The distribution of toheroa is unlike that of any other New Zealand marine invertebrate2,14,17 (Fig. 1). Toheroa are largely absent from New Zealand’s east coast and have a disjunct distribution over more than 1700 km (>11° latitude) of the western and southern coastline (Fig. 1). Notable populations have only been recorded in three regions. In Te Ika-a Māui (the North Island of New Zealand), toheroa can be found on the northland (Taitokerau) west coast from Muriwai to Te Oneroa-a-Tōhē (Ninety Mile Beach) and on the south-west (Kāpiti-Horowhenua) coast from Ōtaki to Foxton. In Te Waipounamu (the South Island) toheroa are largely restricted to Oreti Beach and Te Waewae Bay in Murihiku (the southern tip of the South Island) although there are accounts of small and transient populations in other southern locations. Numerous hypotheses have been proposed to explain the continued decline of toheroa including recruitment limitation and a lack of connectivity between geographically isolated populations14. Given the relatively short pelagic larval phase, and our knowledge of coastal circulation2022, the exchange of toheroa larvae between northern and southern locations seems highly unlikely. Furthermore, a genetic boundary through central New Zealand is almost ubiquitous among marine invertebrates2,23, indicating possible barriers to north-south larval exchange.
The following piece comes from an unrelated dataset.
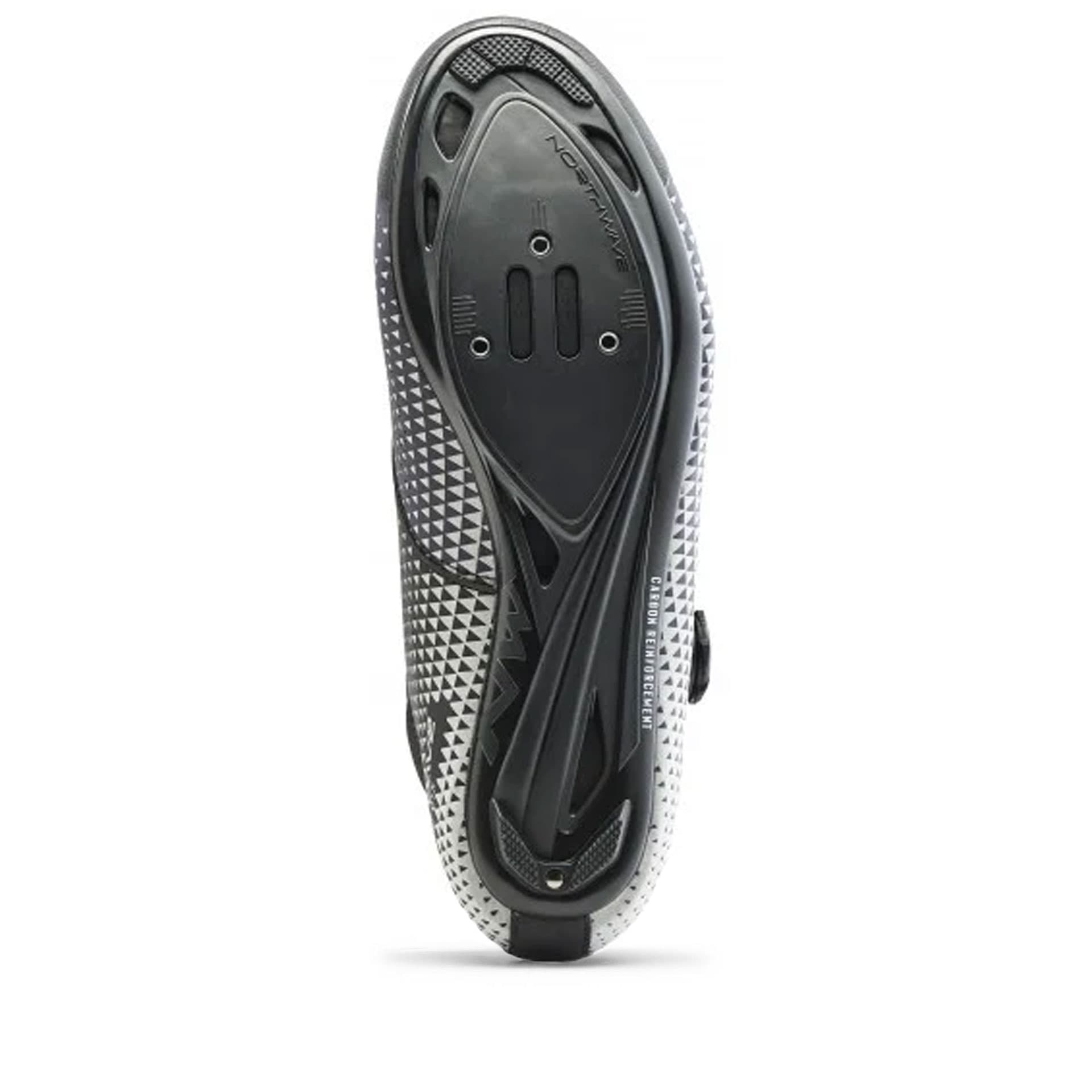 Dank der NRG Air Carbon Sohle mit einem Steifigkeitsindex von 80 wird eine hervorragende Kraftübertragung erreicht. Die Overlap-Construction des Oberschuhs reduziert den Windwiderstand umhüllt den Fuß gleichmäßig und ermöglicht eine präzise Leistungsübertragung.

In this study we assessed population genetic structure and levels of connectivity among toheroa across their entire distribution using the mitochondrial cytochrome c oxidase I (COI) gene. Our predictions, based on prior ecological knowledge, were for North Island populations to be well connected and for isolation and genetic divergence between northern and southern toheroa. Connectivity was expected to be less than that previously recorded for widely distributed open-coast taxa, such as P. sutriangulata, and more similar to levels of connectivity reported in studies of estuarine species such as P. australis10.

Results

Genetic diversity

Toheroa from Te Oneroa-a-Tōhē (NMB, n = 16) and Ripiro Beach (n = 16) in Northland, Waitarere Beach (n = 30) on the Kāpiti-Horowhenua coast and Oreti Beach (n = 36) in Southland were sequenced generating a 485 nucleotide COI alignment. Twenty-three nucleotide positions were variable leading to the delineation of 20 haplotypes (Table 1). Haplotype and nucleotide diversity was comparable across North Island populations with 12 haplotypes recorded for NMB/Ripiro (hereafter referred to together as Taitokerau; HD = 0.65, π = 0.0038) and 10 at Waitarere (HD = 0.56, π = 0.0036). In contrast, only a single haplotype (H1) was recorded at Oreti (HD = 0, π = 0). Haplotype H1 was also the most abundant haplotype across North Island populations, accounting for 59% and 66% of sequences from Taitokerau and Waitarere (Figs 2 and 3); Table 1). Of the remaining 19 haplotypes only one was shared among populations. Haplotype H2 was recorded at NMB (n = 1), Ripiro (n = 2) and Waitarere (n = 1). The remaining 18 haplotypes were private (unique to one location) with all but one of these recorded in just one specimen. A rarefaction curve generated from haplotype frequencies suggested that greater sampling effort could yield many more haplotypes, a notion supported by the number of missing intermediate positions indicated in a haplotype network (Fig. 2). Two groups of haplotypes were evident in this network (Fig. 2). Group 1, a star shaped haplogroup, contained 13 haplotypes separated from H1 by a single mutation and another three singleton haplotypes separated from H1 by one or two missing haplotypes. A second star shaped haplogroup was separated from the H1 haplotype by four to six mutations. This second group consisted of H2 and three additional haplotypes private to NMB and Waitarere.

Table 1.

Summary statistics for toheroa (Paphies ventricosa) populations including number of COI sequences obtained (n), number of polymorphic sites (S), numbers of transitions (TS) and transversions (TV), numbers of haplotypes detected (HN), number of private haplotypes per location (HP), haplotype diversity (HD), nucleotide diversity (π), mean number of pairwise differences (k) and Tajima’s D and Fu’s Fs (with p-values).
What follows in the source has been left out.